● **What is expected**:
Leave out the images and return all the data word for word.

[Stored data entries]
===============

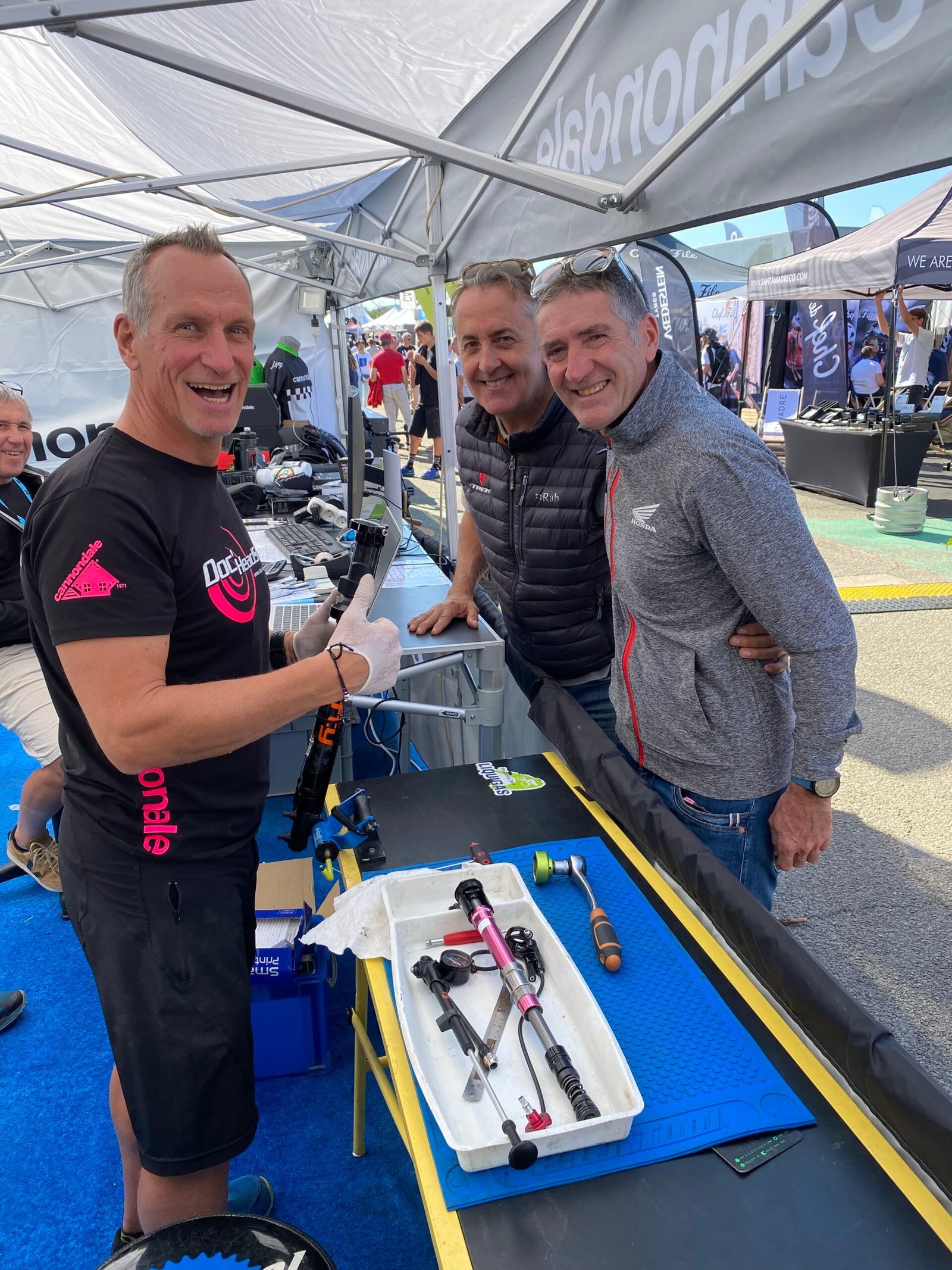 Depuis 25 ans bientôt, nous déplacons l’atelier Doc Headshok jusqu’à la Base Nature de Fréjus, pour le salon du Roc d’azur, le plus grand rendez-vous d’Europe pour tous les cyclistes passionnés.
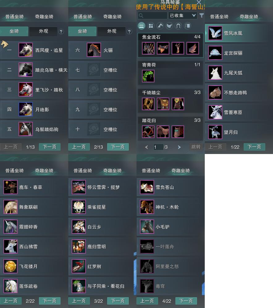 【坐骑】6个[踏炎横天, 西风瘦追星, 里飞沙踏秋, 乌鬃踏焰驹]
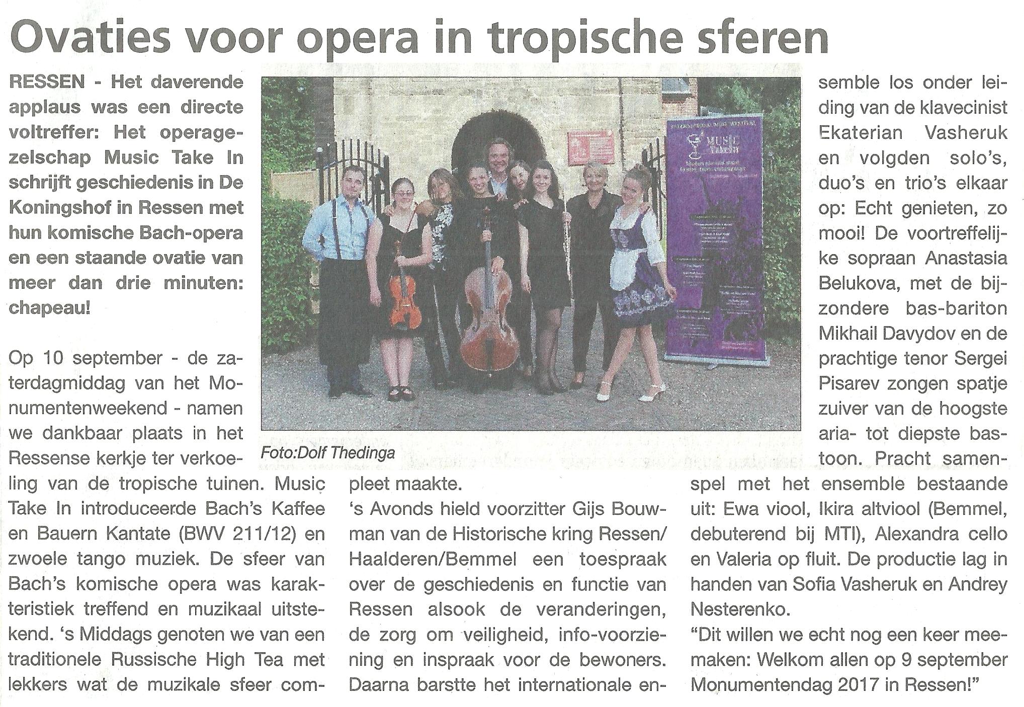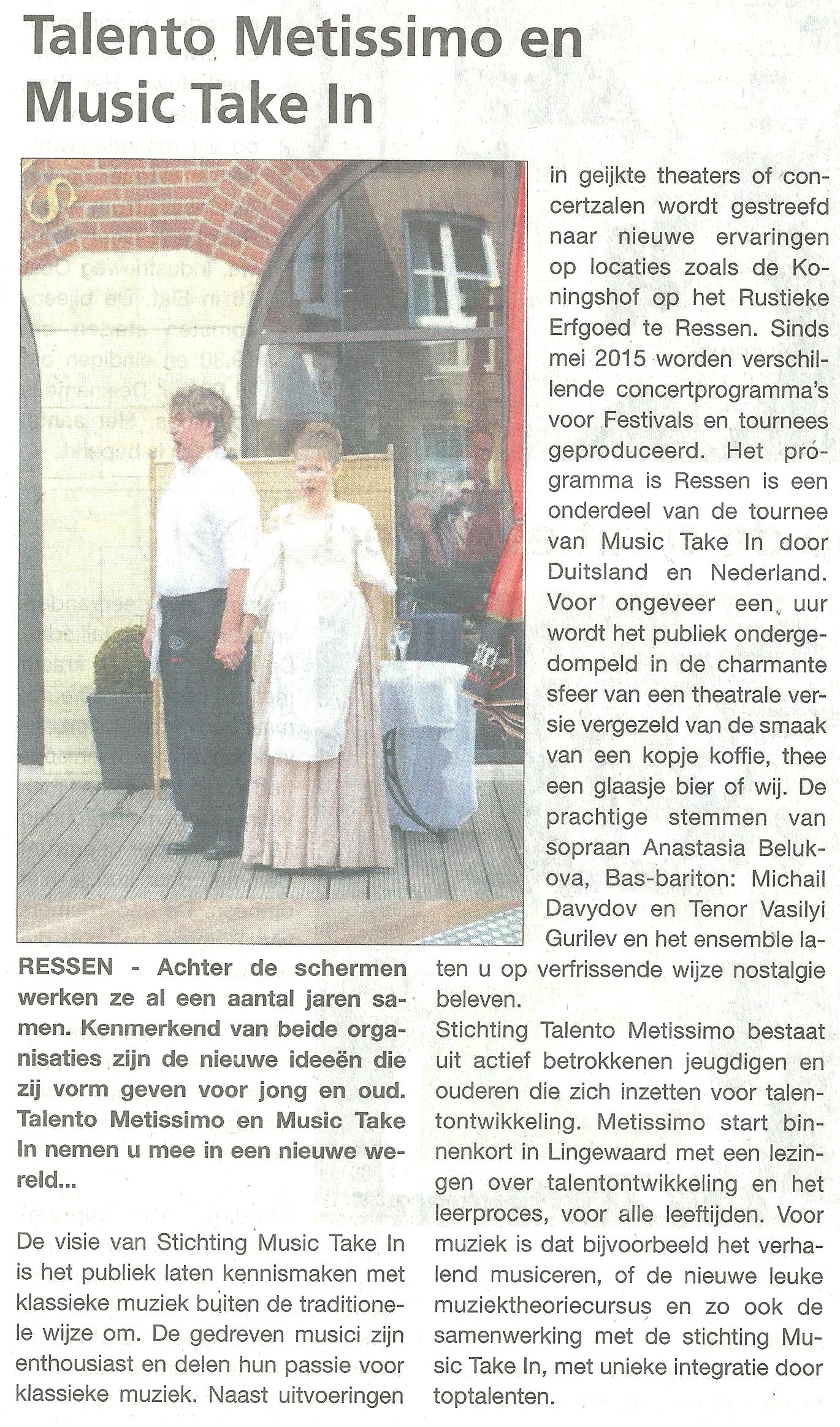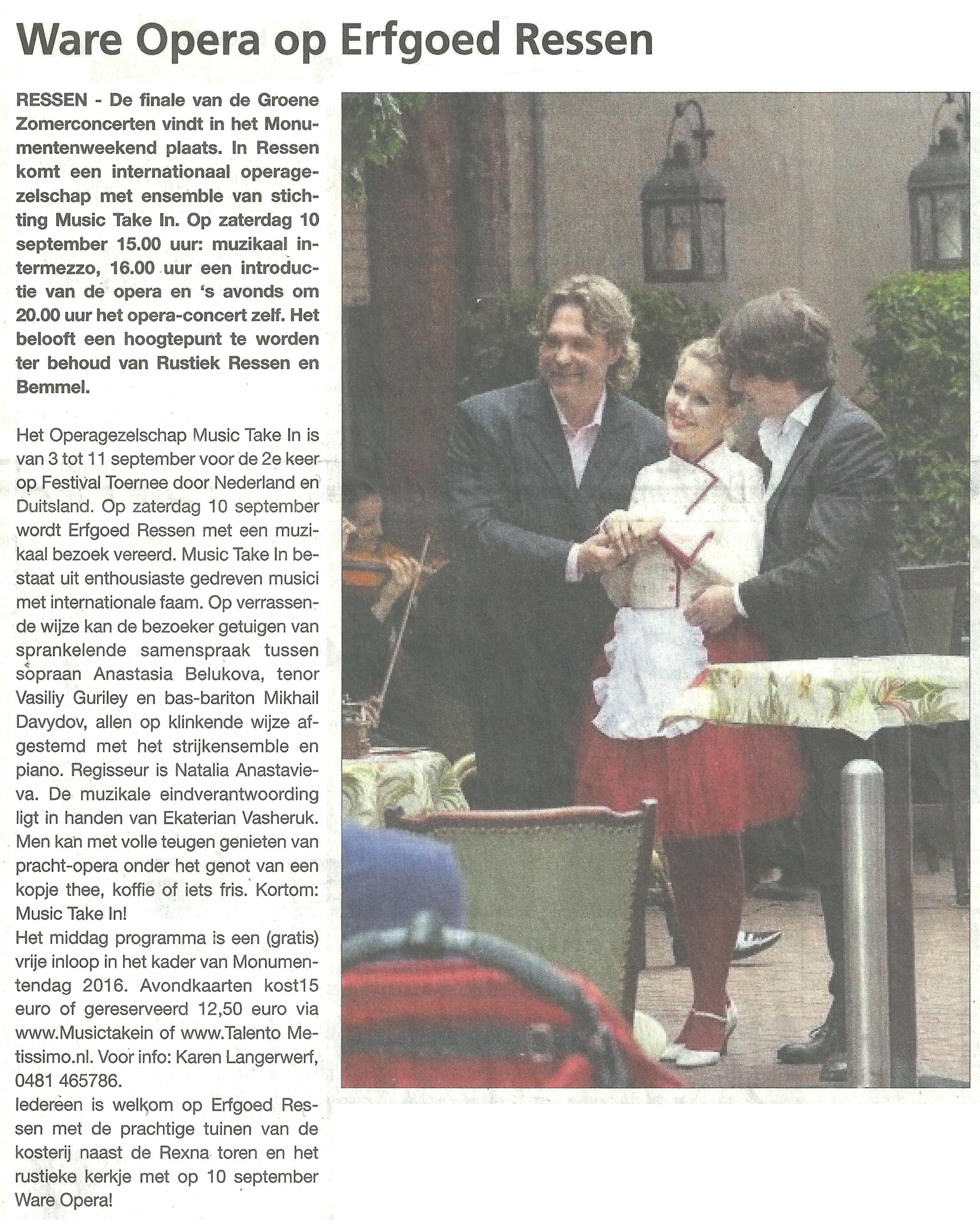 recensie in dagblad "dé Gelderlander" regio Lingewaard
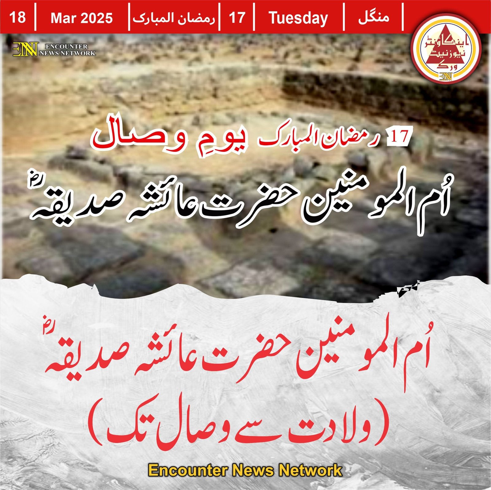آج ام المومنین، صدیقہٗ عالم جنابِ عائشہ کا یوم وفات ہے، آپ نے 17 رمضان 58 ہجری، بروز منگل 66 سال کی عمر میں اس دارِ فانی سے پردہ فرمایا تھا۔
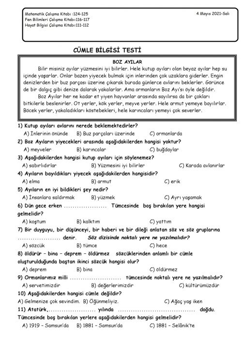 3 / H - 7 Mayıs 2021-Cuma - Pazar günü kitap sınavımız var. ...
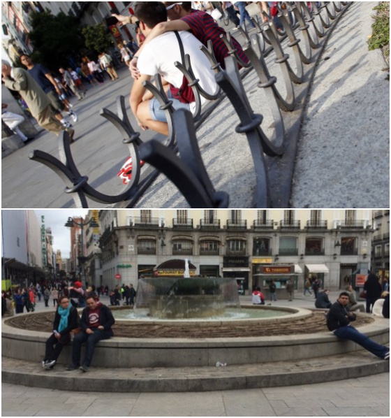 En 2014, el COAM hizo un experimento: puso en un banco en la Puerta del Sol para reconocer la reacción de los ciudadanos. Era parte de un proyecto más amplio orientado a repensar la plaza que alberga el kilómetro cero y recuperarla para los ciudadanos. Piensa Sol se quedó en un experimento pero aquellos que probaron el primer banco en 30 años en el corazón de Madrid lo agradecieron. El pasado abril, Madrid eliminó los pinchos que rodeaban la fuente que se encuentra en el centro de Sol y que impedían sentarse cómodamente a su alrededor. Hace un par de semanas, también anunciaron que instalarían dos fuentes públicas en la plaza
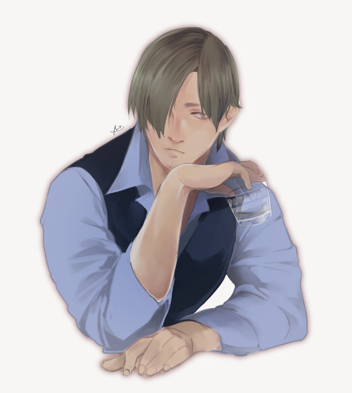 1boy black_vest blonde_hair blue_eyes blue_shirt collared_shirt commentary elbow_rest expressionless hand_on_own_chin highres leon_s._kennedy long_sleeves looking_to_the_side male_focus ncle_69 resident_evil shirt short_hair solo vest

===============

● **Your response**:
 Depuis 25 ans bientôt, nous déplacons l’atelier Doc Headshok jusqu’à la Base Nature de Fréjus, pour le salon du Roc d’azur, le plus grand rendez-vous d’Europe pour tous les cyclistes passionnés.
 【坐骑】6个[踏炎横天, 西风瘦追星, 里飞沙踏秋, 乌鬃踏焰驹]
 recensie in dagblad "dé Gelderlander" regio Lingewaard
آج ام المومنین، صدیقہٗ عالم جنابِ عائشہ کا یوم وفات ہے، آپ نے 17 رمضان 58 ہجری، بروز منگل 66 سال کی عمر میں اس دارِ فانی سے پردہ فرمایا تھا۔
 3 / H - 7 Mayıs 2021-Cuma - Pazar günü kitap sınavımız var. ...
 En 2014, el COAM hizo un experimento: puso en un banco en la Puerta del Sol para reconocer la reacción de los ciudadanos. Era parte de un proyecto más amplio orientado a repensar la plaza que alberga el kilómetro cero y recuperarla para los ciudadanos. Piensa Sol se quedó en un experimento pero aquellos que probaron el primer banco en 30 años en el corazón de Madrid lo agradecieron. El pasado abril, Madrid eliminó los pinchos que rodeaban la fuente que se encuentra en el centro de Sol y que impedían sentarse cómodamente a su alrededor. Hace un par de semanas, también anunciaron que instalarían dos fuentes públicas en la plaza
 1boy black_vest blonde_hair blue_eyes blue_shirt collared_shirt commentary elbow_rest expressionless hand_on_own_chin highres leon_s._kennedy long_sleeves looking_to_the_side male_focus ncle_69 resident_evil shirt short_hair solo vest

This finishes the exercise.